I STILL Want to be God

"Sometimes we are told in A.A. not to try and learn the reasons for our drinking.  But such is my nature that I must know the reason for things, and I didn't stop until I had satisfied myself about the reasons for my drinking.  To my way of thinking, alcoholism is a state of being in which the motions have failed to grow to the stature of the intellect.  What is causing us to drink, therefore, is a sense of inadequacy, a childish vanity to be the most popular, the most sought after, the mostest of the most.  I wanted a cosmos, a universe all my own which I had created and where I resigned as chief top resigner and ruler over everyone else.  Okay, okay - I wanted to be God."
Big Book of Alcoholics Anonymous P. 535  

Love this passage.  There is nothing like an emotionally immature and stunted child who believes he or she is too smart for this world.  I dunno . . .  I took a drink and I took a drug and it did something to me that it doesn't do to the vast majority of people.  I know this because I talk to other alcoholics and they report the exact same reaction.  It lights up some weird pleasure/pain center in my brain that makes me go back over and over even when I know that the effects are injurious.

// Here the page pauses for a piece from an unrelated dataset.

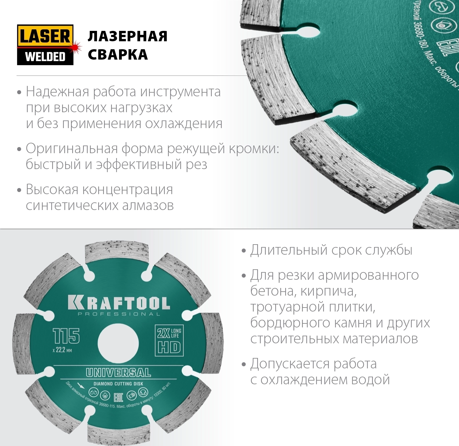 Алмазный диск KRAFTOOL LASER-UNIVERSAL 115 мм (22.2 мм, 10х2.2мм)

"For me, A.A. is a synthesis of all the philosophy I've ever read, all of the positive, good philosophy, all of it based on love.  I don't care too much about personal fame or glory, and I want only enough money to enable me to do the work I feel I can perhaps do best.  (Ed. Note: Boy, sounds like bullshit to me . . . )  The more you give, the more you get.  The less you think of yourself the more of a person you become."